My knowledge doesnt extend that far, but as an example see some logs attached: On Tuesday, July 7, 2020, 10:42:43 AM GMT+2, Nishant Das notifications@github.com wrote:

I did get this today: unexpected fault address 0x7f5dbc9d705c fatal error: fault [signal SIGSEGV: segmentation violation code=0x1 addr=0x7f5dbc9d705c pc=0x15c1637]
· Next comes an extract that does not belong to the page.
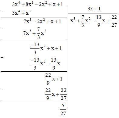 Vậy \((3{x^4} + 8{x^3} – 2{x^2} + x + 1):(3x + 1) = (x^3 + \frac{7}{3}x^2 – \frac{13}{9}x + \frac{22}{27}\) (dư $ \frac{5}{27}$).
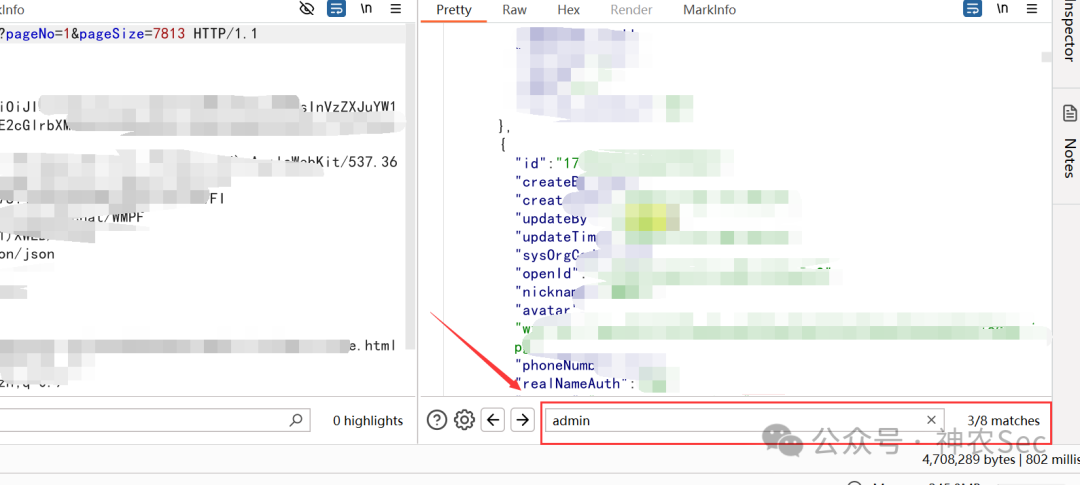 既然可以水平越权,那么我们是不是可以尝试下找到admin管理员权限的用户user数据,然后进行替换越权登录呢,下面就来找下,发现确实存在admin管理员权限的用户,然后就是按照上面的越权方式就可以成功登录到管理员的用户了

goroutine 241 [running]: runtime.throw(0x5c9b20, 0x5) GOROOT/src/runtime/panic.go:1116 +0x72 fp=0xc00161dd20 sp=0xc00161dcf0 pc=0x158d042 runtime.sigpanic() GOROOT/src/runtime/signal_unix.go:702 +0x3cc fp=0xc00161dd50 sp=0xc00161dd20 pc=0x15a406c runtime.memmove(0xc013b78780, 0x7f5dbc9d705c, 0x20) GOROOT/src/runtime/memmove_amd64.s:181 +0x147 fp=0xc00161dd58 sp=0xc00161dd50 pc=0x15c1637 github.com/prysmaticlabs/prysm/shared/bytesutil.SafeCopyBytes(...) shared/bytesutil/bytes.go:196 github.com/prysmaticlabs/prysm/beacon-chain/state.CopyCheckpoint(...) beacon-chain/state/cloners.go:68 github.com/prysmaticlabs/prysm/beacon-chain/blockchain.(Service).Start(0xc0000ba800) beacon-chain/blockchain/service.go:180 +0x107a fp=0xc00161dfd8 sp=0xc00161dd58 pc=0x235aeda runtime.goexit() GOROOT/src/runtime/asm_amd64.s:1373 +0x1 fp=0xc00161dfe0 sp=0xc00161dfd8 pc=0x15c0331 created by github.com/prysmaticlabs/prysm/shared.(ServiceRegistry).StartAll shared/service_registry.go:46 +0x23e

Is this what you see too ? @ldouze , or something similar

— You are receiving this because you were mentioned. Reply to this email directly, view it on GitHub, or unsubscribe.

rauljordan commented 4 years ago

Update on this @nisdas ?

nisdas commented 4 years ago

This looks like a non prysm error, looks to be an issue with the specific machine. So closing this for now.